◆ Dataset section ◆
=== Begin Enclosure ===

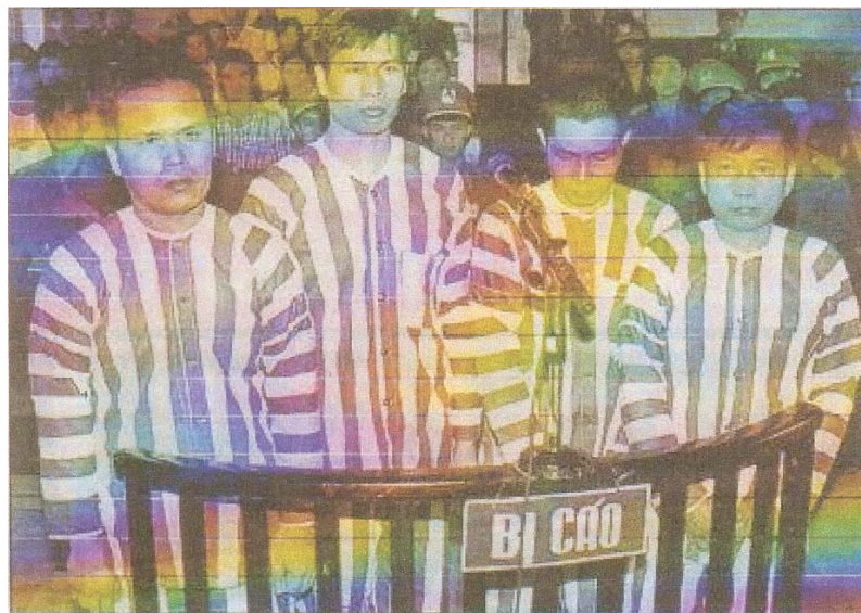
Taking a stand: The four separatists appear in court on Thursday. They were sentenced to up to 13 years jail after being charged with undermining state policy.
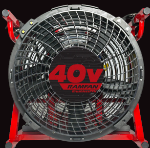
EX50Li DeWalt Milwaukee Makita
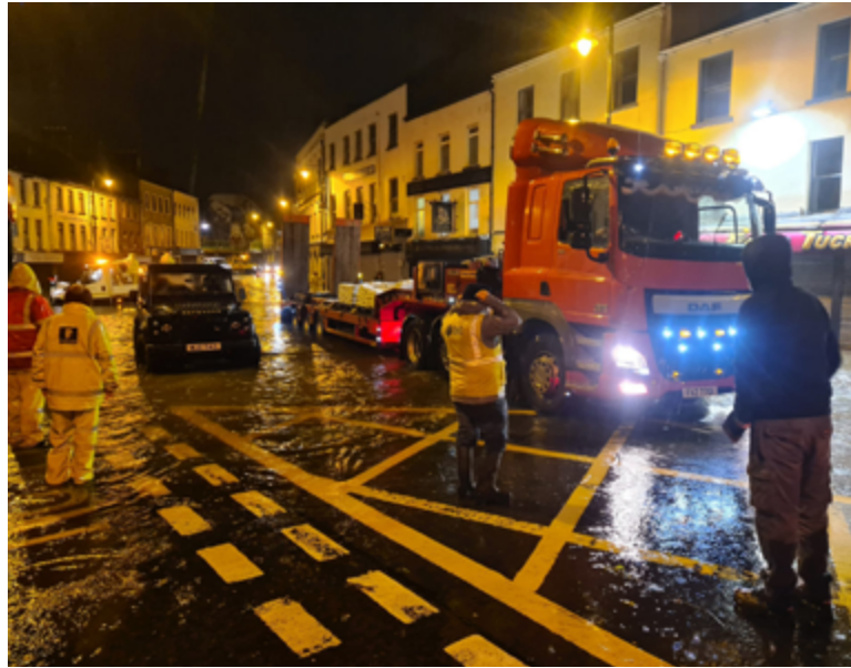
Above & below: Recent flooding in Newry

A video on the RCRG 10-year anniversary is available here: Regional Community Resilience Group | Department for Infrastructure (infrastructure-ni.gov.uk)

=== End Enclosure ===

◆ What you need to do ◆
Produce the data again character for character, with the images left out.

◆ Exercise answer ◆
Taking a stand: The four separatists appear in court on Thursday. They were sentenced to up to 13 years jail after being charged with undermining state policy.
EX50Li DeWalt Milwaukee Makita
Above & below: Recent flooding in Newry

A video on the RCRG 10-year anniversary is available here: Regional Community Resilience Group | Department for Infrastructure (infrastructure-ni.gov.uk)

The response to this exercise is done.